From time to time someone asks in Cherokee’s mailing list how to run a CGI with a different user than the one running Cherokee.
It’s a problem, because once Cherokee has dropped privileges and it’s being run, let’s say, by www-data user, it can’t run the CGI as a different user because that can be done only by root.
This morning I thought about SUID executables, which using a special bit in the file system, can be executed as a different user without being root. For example:
$ cp /usr/bin/id myid $ sudo chown nobody:nobody myid $ sudo chmod +s nobody:nobody myid $ ./myid uid=500(reidrac) gid=500(reidrac) euid=99(nobody) egid=99(nobody) grupos=11(cdrom),63(audio),500(reidrac) context=unconfined_u:unconfined_r:unconfined_t:s0-s0:c0.c1023
Thanks to the SUID bit I’m running the id executable using a different user (nobody in this case), and I don’t need to be root.

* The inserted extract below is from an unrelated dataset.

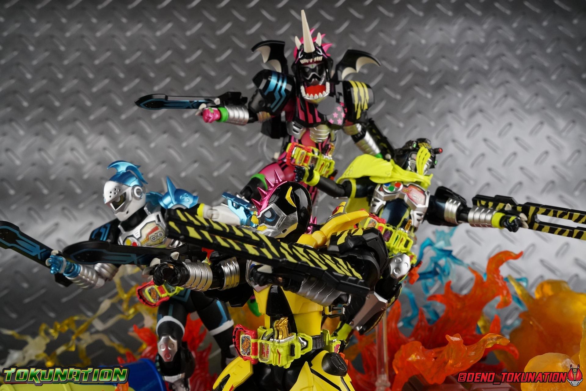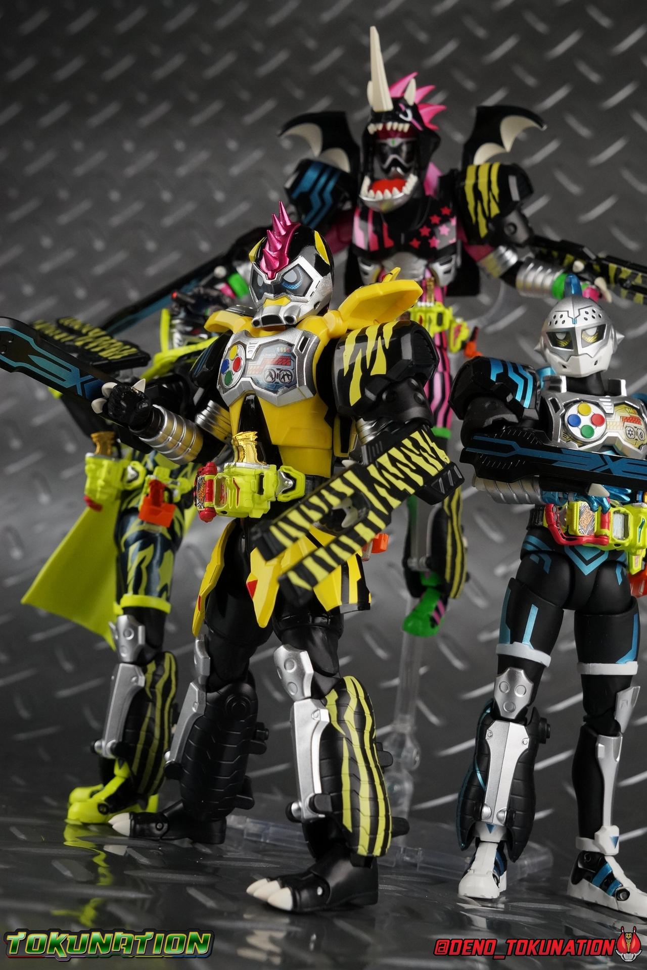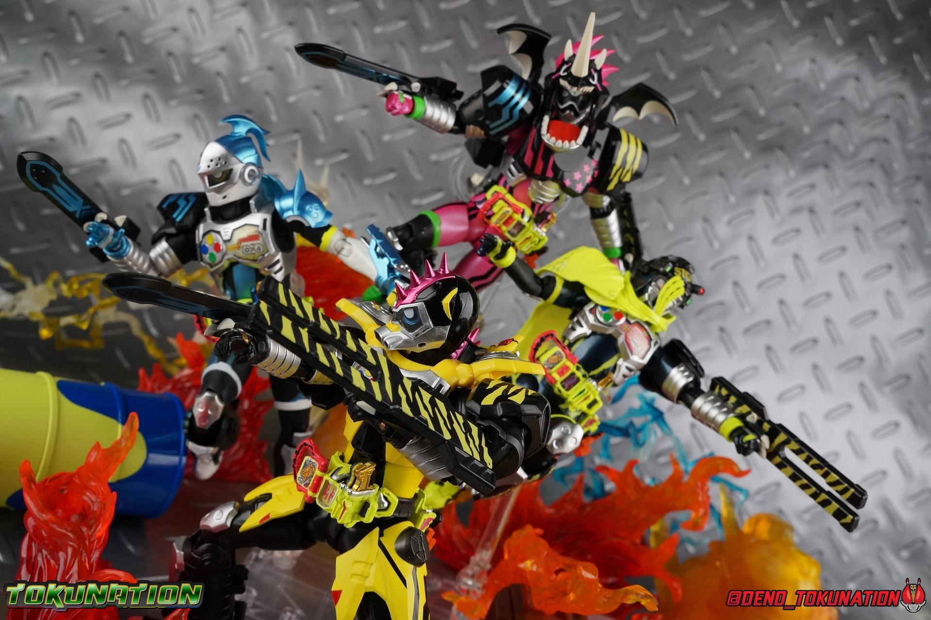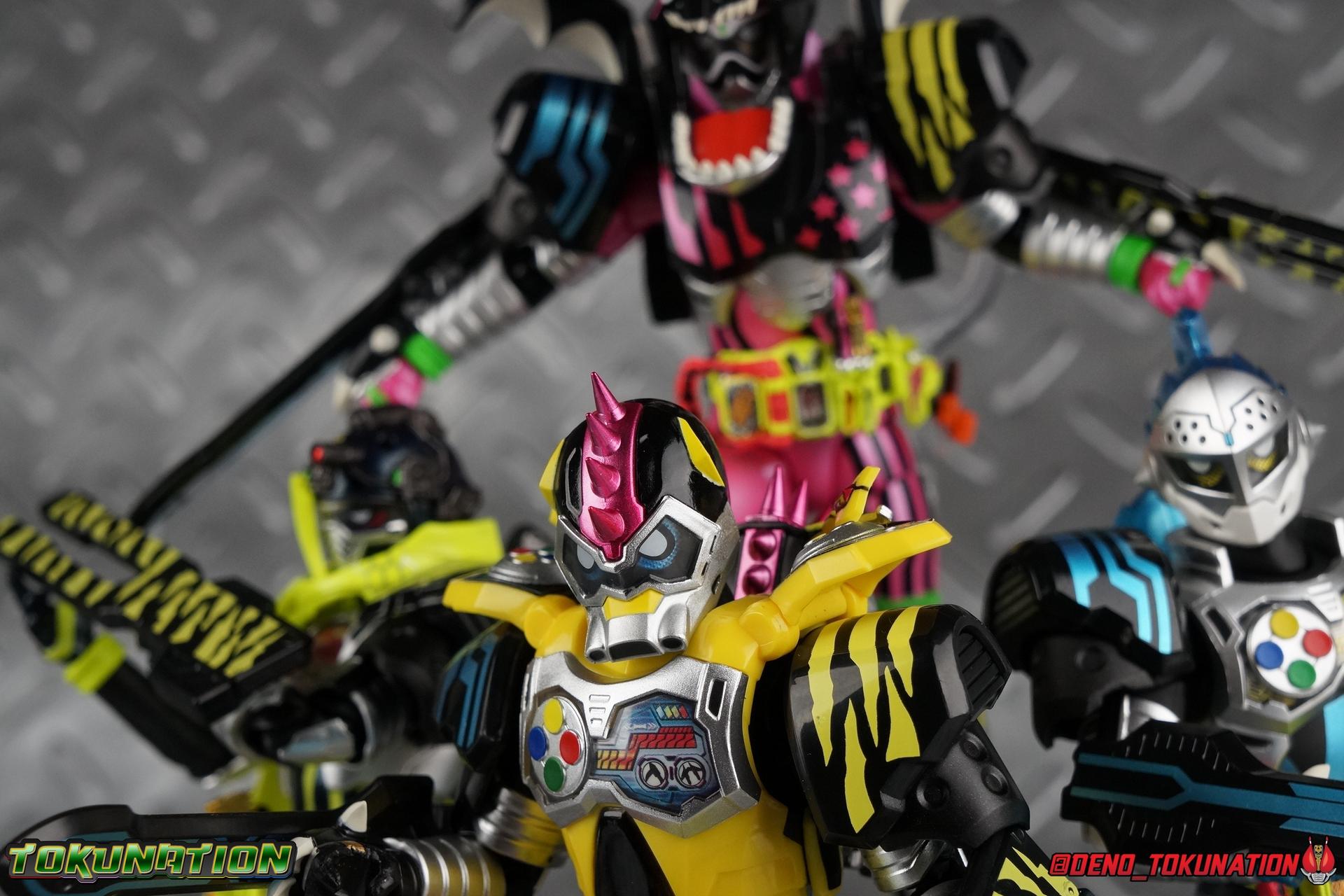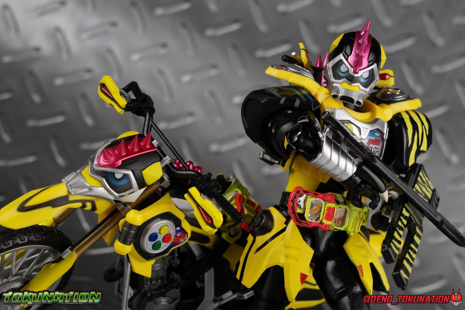 The last time we got to handle Kujou Kiriya it was in his excellent and unorthodox Rider Machine based Bike Gamer Level 2 form. Fans of Kamen Rider Ex-Aid will undoubtedly know that Kamen Rider Lazer finally received a humanoid rider suit when he attained the Giri Giri Chambara derived Level 3 form. And while that's definitely the figure many fans were hoping for, for now at least we've been treated to one step beyond that with this new release, S.H. Figuarts Kamen Rider Lazer Hunter Bike Gamer Level 5! This release gives us almost the full 4-player co-op team that defeated the Bugster Graphite. We still don't have a proper Fang Ex-Aid, but for the time being this looks to be the best we'll get. Let's jump in! Packaging Themed very similarly to Lazer Level 2's box, Level 5 has some bright, loud, packaging and I still really dig it. With no packaging window as all web exclusives are these days. As with the others the colors really pop and I like the character portrait on the front. That's about all there is to say on this one Main Figure A companion piece to Brave Level 5 & Snipe Level 5, Lazer Level 5 brings something old and a little something new to the table. This figure is predominantly new parts; the torso, upper legs, feet, head, all new. The arms and shins are reused from previous Level 5 releases of Ex-Aid, Snipe & Brave. Where Snipe & Brave each had one arm and leg from the Drago Knight Hunter Z armor, Lazer gets the matching set. Honestly this release is the first one in the line outside of Lazer Level 2 to really bring something truly new to the table though with the torso parts. For the leg components, Lazer Level 5 has his new clawed feet, which while a bit on the narrow side are actually pretty nice and stable. Despite the "Drago" in the name of this forms Gashat, these feet are carried over from the Level 3 form. Again the shin armor parts are reuses from the others, but the upper legs are all brand new. These thicker chunky thighs help sell this bulky form a bit bitter, and to their merit they work well. The issue comes up when you have to deal with the hip skirt armor. The armor is on a pair of ball joints when it should have been on side hinges, and they should have been hinged in the middle to allow greater movement in the legs. As you can see in my photos below, the skirt armor really knocks out a usable chunk of the leg motion that would allow this figure to be way more dynamic otherwise. While in this area, the Gamer Driver is still great even if the paint apps on mine are a bit shoddy this go around. The Driver handle can still flip shut. The functionality it features is still surprising. As with Brave & Snipe, Lazer has a "dummy" Drago Knight Hunter Z Gashat in addition to his own Bakusou Bike, both of which are removable. You can insert it as with any other Gashat into the Critical Finish slot on the Gashat Holster or a compatible Gashacon weapon. Speaking of the holster there's also what is meant to be the Level 3 Gir Giri Chanbara Gashat in the holster. As with with the others it's sparsely detailed and non-removable. The torso is by far where the most new work went into this figure. Where we had a lot of body part reuse with all the previous Ex-Aid releases, this torso is all new. Surprisingly, this torso is the best one in the line. The lower and upper halves of the body both have a really nice fluid range of motion and they don't really impact anything that hinders their movement. The backside of the torso has a new shrunken down version of the Level 1 form head as well as the Level 2 engine block. Excellent detailing as always even with paint that's a bit spotty this time. The actual head on the body is brand new though, but it's one we know we'll see again too. Both in show and toy form the Level 5 Lazer head is reused for his Level 0 Lazer Turbo form. The head feels about the right size with the bulk of this Level 5 body, and it should be just the right amount of over-sized for the Level 0 body. I'm really pleased with how that sculpt turned out. One negative to the upper body though, even though we have both of the improved Drago Knight arms from Snipe & Brave on this release, and even some nice hinged shoulder pads on top of them, the vestigial handlebars of the Level 2 form really get in the way. In fact I was worried I'd broken one when I moved the shoulder pad and it made a nasty click against the handlebar. Just be careful. Limitations aside I'm quite happy to have this form. I know plenty of people dislike it compared to Level 3, but I honestly don't like 3 or even 5 all that much. Lazer Turbo is where it's at for me. But it's only a matter of time before Lazer Level 3, the one everyone wants, happens. Now that we have the torso and most of the legs for it with Level 5, it would really be a no brainer to give us this one. Accessories Unfortunately, Lazer Level 5 only includes a few sets of hands. 4 sets of hands to be exact. Open excited hands, calm open palms, posed half pointing hands, and oddly, a set for holding weapons. They're perfect for handlebars or weapons like the Gashacon Sparrow that comes with GenM Level X. But Lazer Level 5 doesn't come anything they're useful for. And it's nearly impossible to get this figure up on Lazer Level 2 to ride it. I'm really baffled as to why this release didn't include the same plastic word bubbles that Snipe & Brave did. Those inclusions really helped sell those figures to me personally. Though I think it's fair to say that the nature of this figure being the only announced humanoid Lazer at the time, helped sell it in pre-orders. But it should have come with more. Anytime a figuart only includes extra hands, it's difficult to contain my disappointment. Final Thoughts All in all this is a pretty solid release taking some of what we've already seen and tossing something new into the mix to keep us interested.The neutered leg articulation is a real bummer, but Kiriya's personality still shines through with

This can be an obvious security problem, so most UNIX systems doesn’t allow to run SUID scripts.
But anyway, it would be interesting to have a tool that allows a user to run a set of commands as a different user (yes, you got it: SUDO), so I wrote a small tool to do it: suidexec (yes, I know it’s not a great name).
I’ve used GLib to parse a configuration file to provide a simple ACL mechanism, and it can be used as easy as:
- Copy the tool into a different name, for example:
suidexec_cgi. - Setup the file system permissions:
chown nobody:nobody suidexec_cgi && chmod +s suidexec_cgi. - Edit
/etc/suidexec.confto allowwww-datato run yourCGI:[suidexec_cgi] commands = /var/www/cgi/mycgi.pl www-data = true
- Configure Cherokee to run the CGI wrapped in
suidexec:suidexec_cgi /var/www/cgi/mycgi.pl -- extra_argument.
I don’t know if it’s a good idea (kind of reinventing the wheel), but it’s easier to setup than SUDO and may be it’ll be useful for someone.